Supervisor’s Personal Liability

Personal liability is when you can be personally held accountable for a civil action. In other words, if a claim is brought against your employer, you as a supervisor or manager can also be named in that claim and be required to pay a monetary award to satisfy the claim.

An employer, as defined by the Fair Labor Standards Act (FLSA), in 29.U.S.C. 203(d) is “any person acting directly or indirectly in the interest of an employer in relation to an employee”. Therefore, if a supervisor has the authority to make decisions or has control over hiring/firing, work stations & assignments, hours worked (including overtime), leaves of absence, employee safety, etc., they are considered as acting in the interest of the employer and can be held liable to some degree for an alleged infraction.

A number of laws have been inferred to hold supervisors personally liable. They include, but are not limited to:

  • FLSA (Fair Labor Standards Act)
  • FMLA (Family and Medical Leave Act)
  • COBRA (Consolidated Omnibus Budget Reconciliation Act)
  • HIPAA (Health Insurance Portability and Accountability Act)
  • ERISA (Employee Retirement Income Security Act)
  • OSHA (Occupational Safety and Health Administration)
  • Title VII (Civil Rights Act of 1964)

Examples of liability concern

A supervisor may be held personally liable for violations of reporting hours worked and overtime pay discrepancies. This can range from docking hours for required lunch breaks to failing to record or acknowledge hours worked over 40 in a workweek.

Interference with an employee’s right to FMLA. Supervisors who attempt to interfere with an employee’s legal right for medical leave can be held liable. This includes discrimination or retaliation toward an employee who has requested FMLA, has been on FMLA, or requested an extension of FMLA.

Supervisors who act as plan administrators may be liable for discrepancies, either discriminatory or monetary, and for failure to keep certain information confidential.

Discrimination or retaliation against “whistleblowers” can be a personal liability for supervisors.

Title VII –
Generally, Title VII does not have a provision for individual liability.

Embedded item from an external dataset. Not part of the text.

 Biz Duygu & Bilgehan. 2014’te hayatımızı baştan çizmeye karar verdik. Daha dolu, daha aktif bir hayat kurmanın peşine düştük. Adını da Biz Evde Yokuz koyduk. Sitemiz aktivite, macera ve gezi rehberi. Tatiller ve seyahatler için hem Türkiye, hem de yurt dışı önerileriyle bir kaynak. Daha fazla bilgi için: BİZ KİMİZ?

However, supervisors may be named in a tort for actions such as “intentional infliction of emotional distress” or in a case of sexual harassment, and possibly assault. According to the EEOC, these actions, as well as actions of direct hiring or firing or indirect recommendations of such actions, can be construed as discrimination and may qualify for a possible tort lawsuit if it can be linked to:

What roll do Torts play in a supervisor’s personal liability?
According to the Cornell Law School, “a tort is an act or omission that gives rise to injury or harm to another and amounts to a civil wrong for which courts impose liability. In the context of torts, “injury” describes the invasion of any legal right, whereas “harm” describes a loss or detriment in fact that an individual suffers.” Basically, a tort is a civil wrong…a wrongdoing by one party against another and can be intentional or unintentional.

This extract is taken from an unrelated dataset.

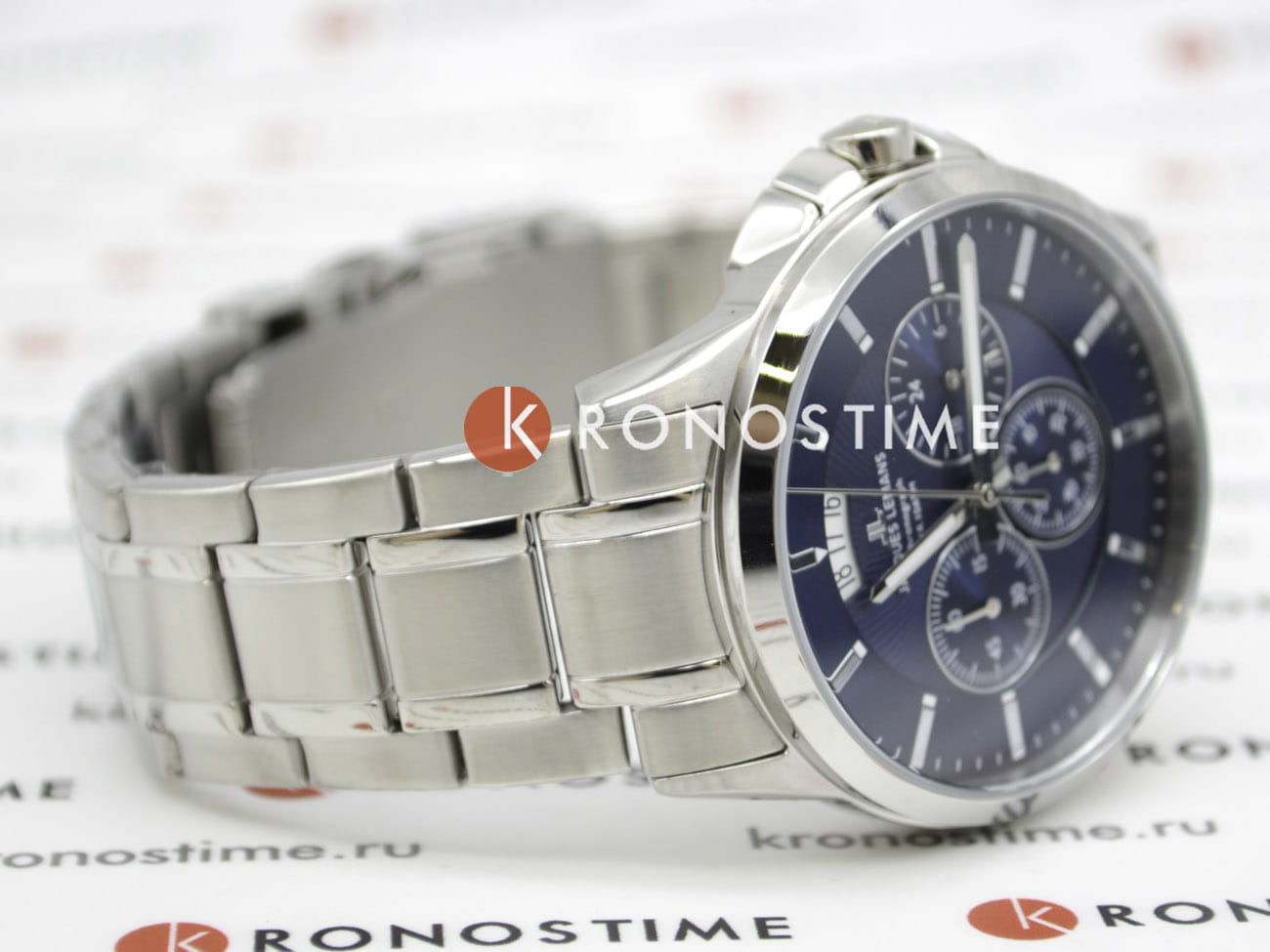 Наручные часы-хронографХронографФункция позволяет измерять отрезки времени с особой точностью: часы, минуты, секунды. Верным признаком хронографа является наличие на циферблате 3 дополнительных окошек-счётчиков. Jacques Lemans с датой, 12/24-часовым форматом времени и секундомеромСекундомерСекундоме́р — прибор, способный измерять интервалы времени с точностью до долей секунды. призваны ставить на первое место индивидуальный стиль владельца, классическая элегантность придётся по вкусу каждому. Брендовые часы привлекают минималистичным дизайном, отсутствие вычурности и обилия декорирующих элементов делают модель лучшим решением для ежедневного применения. Аксессуар можно носить с деловыми костюмами и повседневной одеждой, он органично сочетается как с классическими брюками, так и с рваными джинсами. Это настоящее часовое искусство высокого качества, часы считаются актуальным вариантом на все времена и с идеальной точностью показывают время благодаря надёжному японскому механизму.

Supervisors may have a tort filed against them for defamation of an employee. If a supervisor makes a false statement that could possibly damage an employee’s reputation, a tort can be filed against them for slander. Likewise, a supervisor can defame an employee by writing statements or adding notes to employee’s files. This would be a libel tort. Just to be clear, slander is a verbal statement and libel is a written statement. Slander and libel can be accomplished simply by providing a negative reference, thus interfering with an employee’s future employment possibility.

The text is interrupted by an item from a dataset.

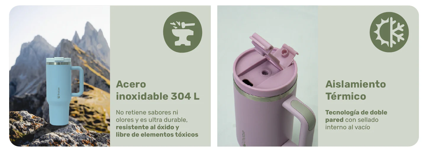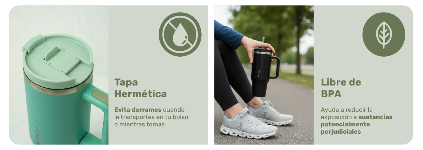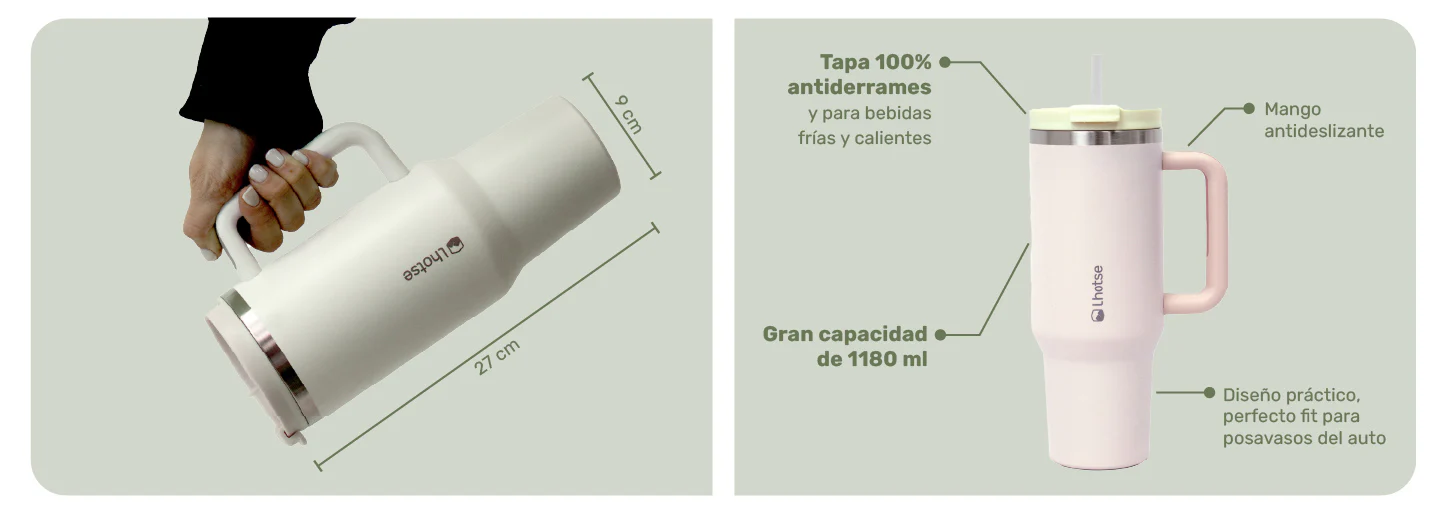 Mantén tus bebidas favoritas frías o calientes durante mucho tiempo, asegurando que cada sorbo sea tan fresco como el primero. Con nuestro Tumbler de 1180 ml, la comodidad y el estilo se fusionan para acompañarte en cada momento de tu vida diaria.

Other forms of torts can include false imprisonment. This may involve refusing to allow an employee to leave during a conversation, such as during a performance or disciplinary review; or battery, which often accompanies sexual harassment claims. This is unwanted touching…no matter how slight. It could be something as simple as tapping an employee’s shoulder; or emotional distress. If an employee feels they are being picked on, they can claim harassment or emotional distress.

How to avoid liability
Below are some ways to avoid being held personally liable:

  • Discipline and terminate in a private setting. Other employees do not need to hear a co-worker get disciplined or fired.
  • Make sure you are specific and truthful in what you are telling employees and what you based your decision on.
  • Focus on behaviors and not perceived attitudes.
  • Allow for open discussion. Employees should be allowed to address or question decisions. They may not agree with the outcome, but they should be afforded the opportunity to inquire.
  • Show some compassion for employees who may be going through a difficult situation at work or at home. Be willing to listen and offer solutions, particularly if they are work-related.
  • Make sure your policies and practices are directly related to and up-to-date with current laws and regulations and ensure this information is communicated to all employees.
  • Document, document, document! Make sure you are putting in writing all relevant facts, date, times, etc. when having a conversation with an employee. Remember…if it isn’t in writing, it never happened.

Bottom Line
Recognize that as a supervisor, you can be held personally liable for actions against an employee, whether intentional or not. Keeping an open dialogue, showing concern for employees, and staying up to date on laws and regulations and what your role is in applying them equally and consistently will help keep you out of the courtroom.